▶ _COLLECTED DATA_:
☆ ☆ ☆

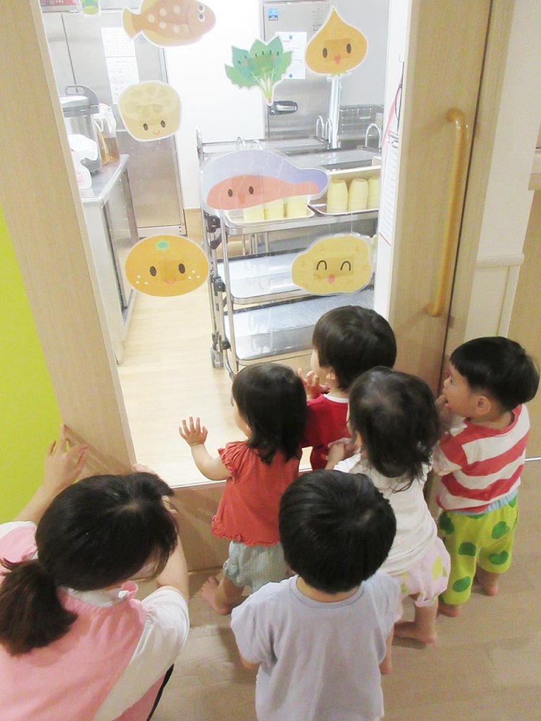 食べることが大好きなりす組さん。給食を作ってくれている様子を見ています。
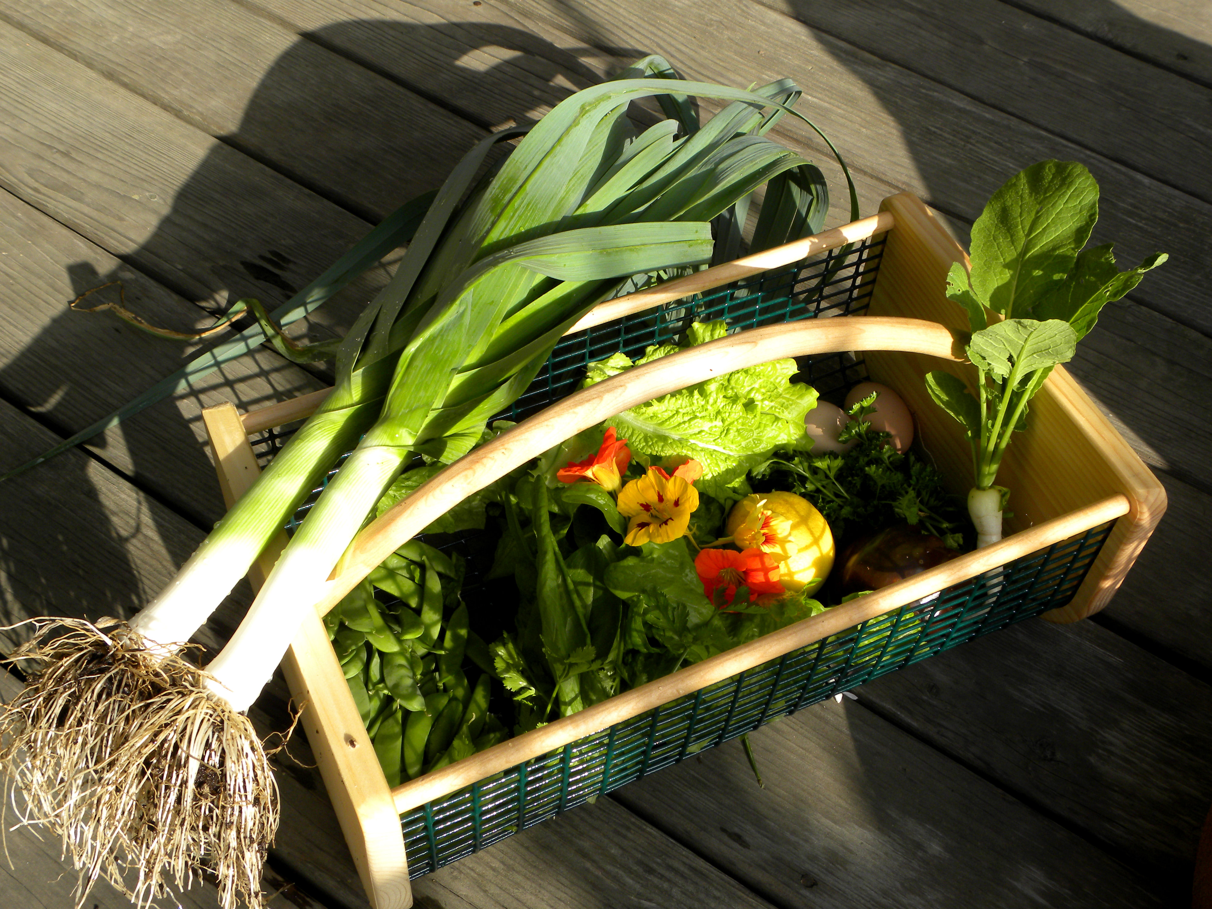 TOTAL HARVEST: 14 eggs plus 3 lbs, 5 oz. produce
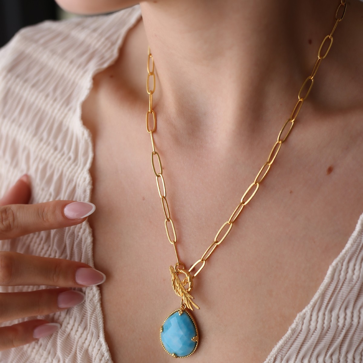 Collana - Ottone placcato oro e turchese

☆ ☆ ☆

▶ _TO DO_:
Transcribe each line of the material above verbatim, but do not include the images.

▶ _RESPONSE AREA_:
 食べることが大好きなりす組さん。給食を作ってくれている様子を見ています。
 TOTAL HARVEST: 14 eggs plus 3 lbs, 5 oz. produce
 Collana - Ottone placcato oro e turchese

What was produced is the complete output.